A report by the Global Transaction Banking (GTB) department of Deutsche Bank named Reimagining ASEAN: The digital journey to 2025, revealed that significant gaps remain before it becomes an “advanced digital region”.
This is despite key economic policies signed by the ASEAN Economic Community (AEC), which emphasise on the need for ASEAN countries to embrace evolving digital technology. The move will align the 2025 AEC vision with ASEAN’s Information and Communication Technology (ICT) Masterplan 2020 and the Master Plan on ASEAN Connectivity 2025.
For example, Indonesia and Vietnam – two of ASEAN’s most populous economies with young demographics – still lack effective regulations to protect intellectual property and support digital entrepreneurs, said Deutsche Bank.
Despite the progress and steps in the right direction, ASEAN as a whole still has a way to go before it can be considered an “advanced digital region”. In the World Economic Forum’s (WEF) Network Readiness Index Rankings, Malaysia was the only other ASEAN country besides Singapore to be placed in the top 40.
The AEC 2025 Consolidated Strategic Action Plan (“the Plan”) includes a number of strategic measures that harmonise with the ASEAN ICT Masterplan 2020 and the ASEAN Telecommunications and Information Technology Ministers Meetings. The Plan has a specific section on cross-border e-commerce transactions that includes measures such as establishing online dispute resolution systems, studying suitable mechanisms for the authentication of electronic signatures and trade documents, and promoting cybersecurity, regional data protection and privacy principles.

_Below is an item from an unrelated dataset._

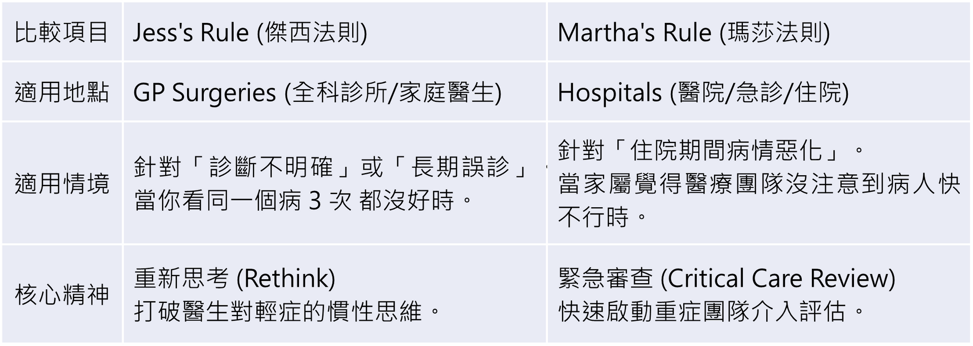 除了傑西法則,英國近年還有另一個著名的 Martha's Rule(瑪莎法則)。兩者都是為了病人安全,但適用的場景完全不同,請務必分清楚:

ASEAN, blessed with a young, dynamic population (around 40% of its citizens are under 30), is making rapid digital progress over the past decade. The region ranks third globally in terms of the number of mobile users, behind China and India. It ranks fourth globally in terms of the number of internet users, behind China, India and the US.
ASEAN’s members are also making early headway globally – Singapore’s digitalisation trajectory puts it at the top of the WEF’s 2016 Network Readiness Index, which assesses the factors, policies and institutions that enable a country to fully leverage information communication and technology for increased competitiveness and well-being. Singapore was commended for its Smart Nation Programme and “strong government commitment to the digital agenda”.

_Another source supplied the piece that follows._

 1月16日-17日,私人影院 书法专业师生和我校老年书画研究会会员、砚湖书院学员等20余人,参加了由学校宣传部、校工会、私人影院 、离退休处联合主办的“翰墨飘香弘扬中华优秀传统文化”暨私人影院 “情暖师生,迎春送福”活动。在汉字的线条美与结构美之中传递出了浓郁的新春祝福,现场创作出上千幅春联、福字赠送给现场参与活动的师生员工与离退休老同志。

In 2017, Vietnam reaffirmed its vision – which will be backed by government policy and infrastructure – to become a cashless economy and to significantly improve electronic payment methods by 2020
“While it’s a hugely ambitious aim given the current cash habits, it’s a clear sign of Vietnam’s dedication to improving electronic payment methods and drive e-commerce adoption,” says Jens Ruebbert at Deutsche Bank in Vietnam. “We are already seeing increased numbers of bank accounts, card payments and ATMs in Vietnam. This move will aid increased financial inclusion and, at the same time, drive costs down and increase efficiency for businesses.”

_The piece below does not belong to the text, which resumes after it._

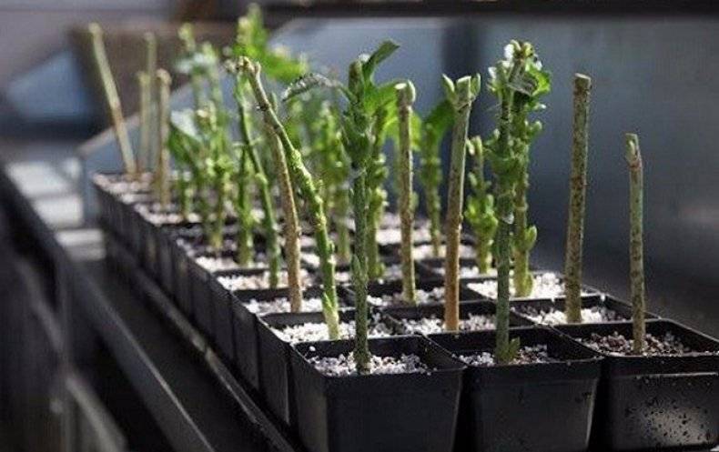 A cut is a segment of a plant shoot with a length of about 20 cm, which has two or three pairs of buds. They cut it off (at an acute angle) in early spring, until the buds have blossomed, and then put it in water until the roots appear or immediately plant it in a container with special soil for flowering plants. Annabelle pink hydrangea is transplanted to a permanent place in a year.

Meeting challenges head on
According to Dr JC Parrenas, Coordinator of APEC’s Asia Pacific Financial Forum (APFF), the rapid evolution of technology and new business models is presenting policymakers, regulators and the private sector with critical challenges.
Dr Parrenas observed that the development and application of technology in Asia is uneven and concentrated in certain fields such as payments and peer-to-peer lending. He also noted that emerging markets hoping to leapfrog their way to modernisation will benefit from these innovations, but must adequately address new risks and concerns.
To ensure sustainable, robust and resilient growth, ASEAN governments would need to prioritise internet and broadband infrastructure, including skills and knowledge, said Deutsche Bank. ASEAN also needs to acknowledge and protect itself from cybersecurity threats, introduce national single windows to boost global e-commerce trade, and ensure a strong and holistic legal framework for payment and financial services, the report added.
Alexandra LeCompte, Director, Regional Sales for Cash Management and Lead for GTB’s Asia Pacific Digital Council at Deutsche Bank, says: “Digitalisation is already resulting in our corporate clients reaching out to buyers and suppliers in increasingly remote locations – and we are adapting accordingly to help facilitate this,”
“We are looking at the potential of innovative solutions such as distributed ledger technology to improve financial services in the region – especially cross-border. And at how big data and payments/collections analytics can help companies make better decisions.” added LeCompte.